This is the sixth day of my participation in Gwen Challenge

Reverse a linked list

Topic describes

Define a function that takes the head node of a linked list, reverses the list, and outputs the head node of the reversed list.

Example 1:

Input: 1->2->3->4->5->NULL Output: 5->4->3->2->1->NULLCopy the code

limit

  • 0 <= Number of nodes <= 5000

Thought analysis

List inversion problems we’ve encountered before, this time using a recursive solution, list plus recursion, in the algorithm these two kinds of problems are very difficult to write. The recursive solution method should first find the termination conditions of recursion, then decompose the big problems into small problems, and summarize the general rules of these problems.

Let’s consider the boundary problem first, and return if the list is empty.

ListNode newHead = reverseList(head.next); ListNode newHead = reverseList(head.next. Next = head; Next = null, and then returns the newHead after the inversion, which is newHead.

Keep recursing, because every recursion reverses with a 5, so the final return is newHead.

The code shown

Solution a: time complexity is O (n) 2 (2 ^ n)} {O O (2 n), and space complexity is O (1) (1)} {O O (1).
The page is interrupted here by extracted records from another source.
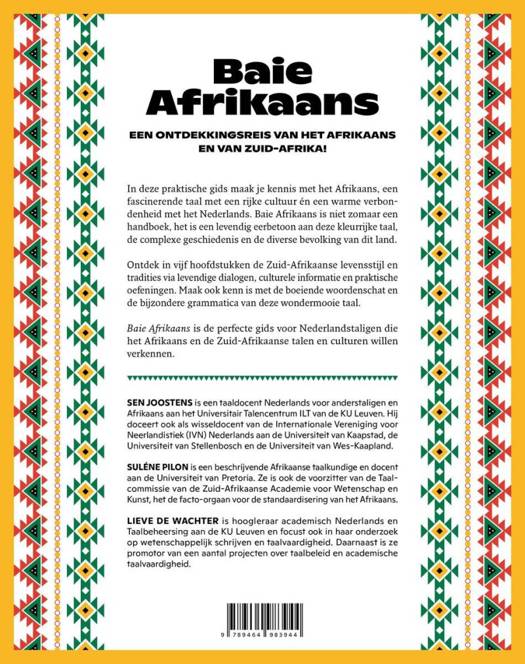 Baie Afrikaans is de perfecte gids voor Nederlandstaligen die het Afrikaans en de Zuid-Afrikaanse talen en culturen willen verkennen.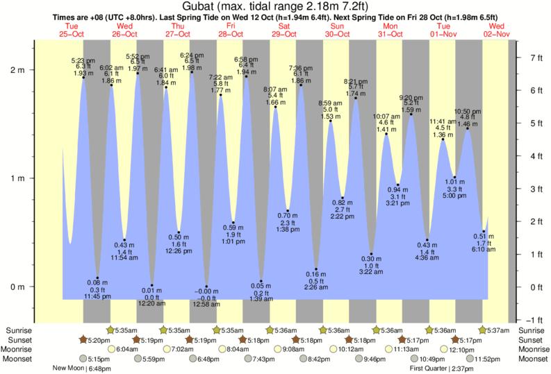 Tide Times are PST (UTC +8.0hrs). Last Spring High Tide at Gubat was on Sat 06 Dec (height: 2.04m 6.7ft). Next high Spring Tide at Gubat will be on Mon 22 Dec (height: 1.81m 5.9ft).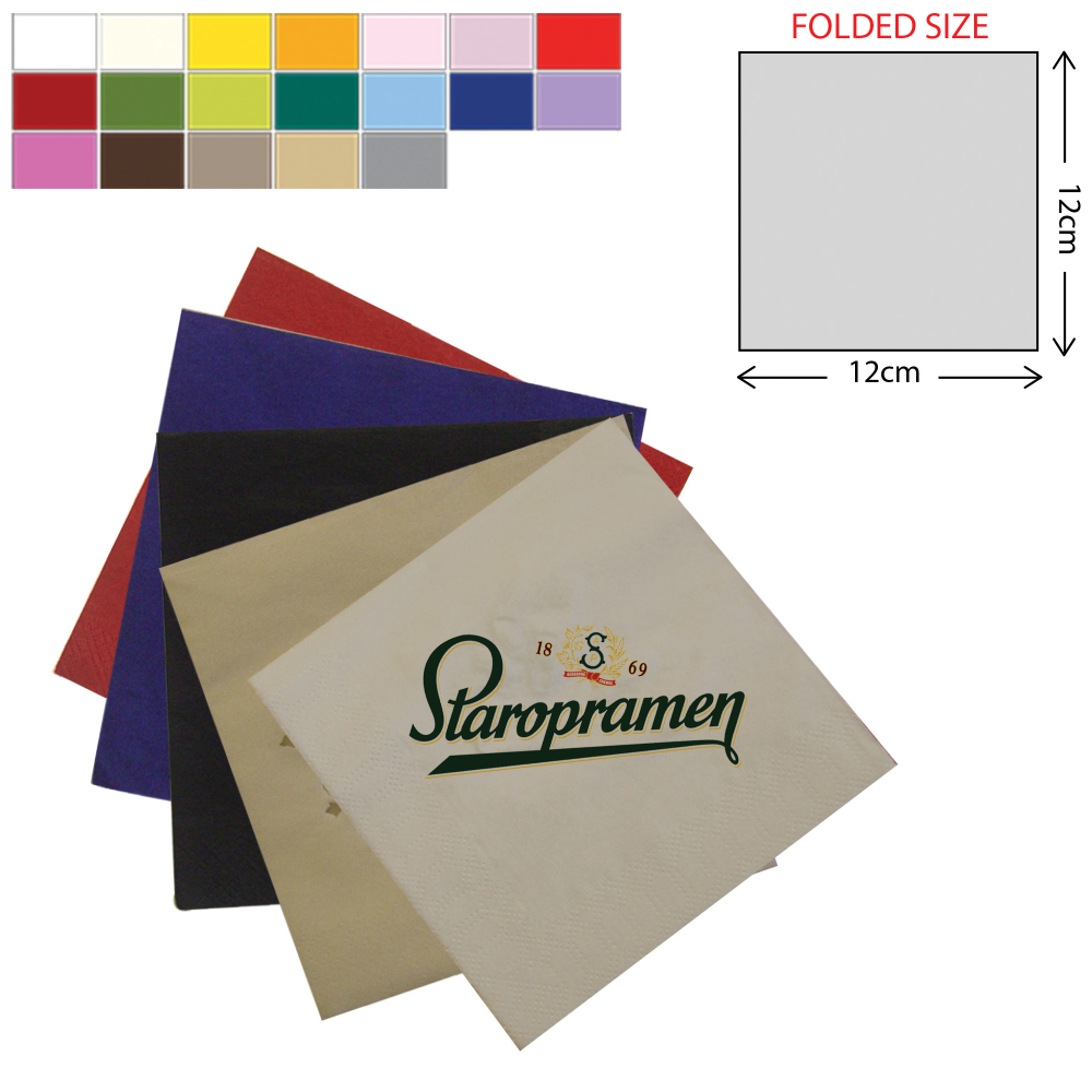 We have a selection of popular printed napkin sizes for you to choose from 25x25cm, 33x33cm and 40x40cm1,200pcs per box, 4 packets of 300 napkins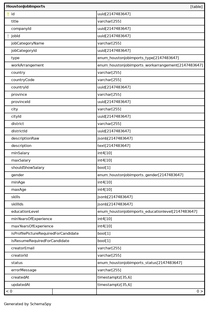 | HoustonJobImports_pkey | Primary key | Asc | id |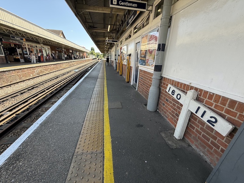 It’s unusual to see one of these signs in the middle of a platform. But you can at Kingston.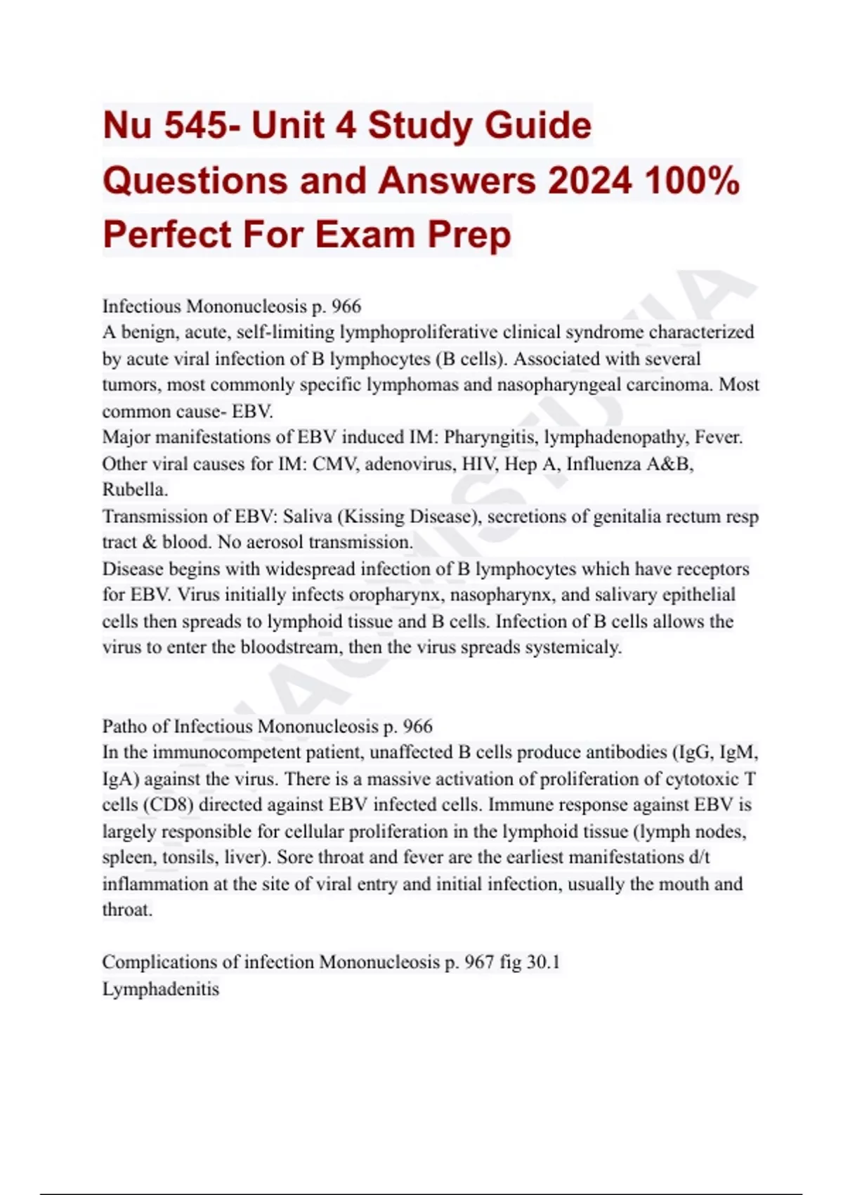 Complications of infection Mononucleosis p. 967 fig 30.1

    public ListNode reverseList(ListNode head) { / / the 1-2-3-4-5

        if (head == null) {// Is null
            return head;
        }

        if (head.next == null) {return head;
        }
        ListNode newNode = reverseList(head.next);

        head.next.next = head;  //4.next.next = 4 5.next = 4
        head.next = null;
        return newNode;

    }
Copy the code

After the command is executed, a success message is displayed

Answer successful: Execution time :0 ms, beat 100.00% Java user memory consumption :38.4 MB, beat 17.56% Java usersCopy the code

summary

Recursion, there is first “recursion” and then “return”, “recursion” means that the problem is broken down into sub-problems to solve, sub-problems are broken down into sub-problems,… , until the disassembled sub-problem does not need to be disassembled into finer sub-problems (that is, it can be solved), “return” means that the smallest sub-problem is solved, then its upper sub-problems are solved, the upper sub-problems are solved, and the upper sub-problems are naturally solved,…. Until the original problem is solved.

Print the linked list from end to end

Topic describes

Enter the head node of a linked list and return the value of each node from end to end (as an array).

Example 1:

Input: head = [1,3,2] output: [2,3,1]Copy the code

limit

  • 0 <= List length <= 10000

Thought analysis

Printing the list from end to end, it’s easy to think of recursion, always determining if it’s tail, and if it’s not tail, move on to the next list. This type of problem is very easy to solve recursively. We also need a list to store the data in the linked list, and then put it into an array.

Of course, we can also use the stack to answer this problem, the use of the characteristics of the stack, first traversed the list into the stack, and then out of the stack, you can print the list from the end.

The code shown

Solution one: Time complexity is O(n){O(n)}O(n), space complexity is O(n){O(n)}O(n).

    List<Integer> list = new ArrayList<>();
    public int[] reversePrint(ListNode head) {
        recursion(head);
        int[] temp = new int[list.size()];
        for (int i = 0; i < list.size(); i++){ temp[i] = list.get(i); }return temp;
    }

    public void recursion(ListNode p){
        if (p == null) {return;
        }
        recursion(p.next);
        list.add(p.val);
    }
Copy the code

Solution two: traversing the linked list, using the characteristics of stack advanced after out, time complexity is O(n){O(n)}O(n), space complexity is O(n){O(n)}O(n).

    public int[] reversePrint(ListNode head) {
        Stack<Integer> stack = new Stack<>();
        if (head == null) {return new int[0];
        }
        while(head ! =null){
            stack.push(head.val);
            head = head.next;
        }
        int size = stack.size();
        int[] arr = new int[size];
        int i = 0;
        while(! stack.isEmpty()){ arr[i++] = stack.pop(); }return arr;
    }
Copy the code

summary

It’s easy to think of a recursive solution to print the list from end to end, but we can also take advantage of the stack data structure to solve the problem.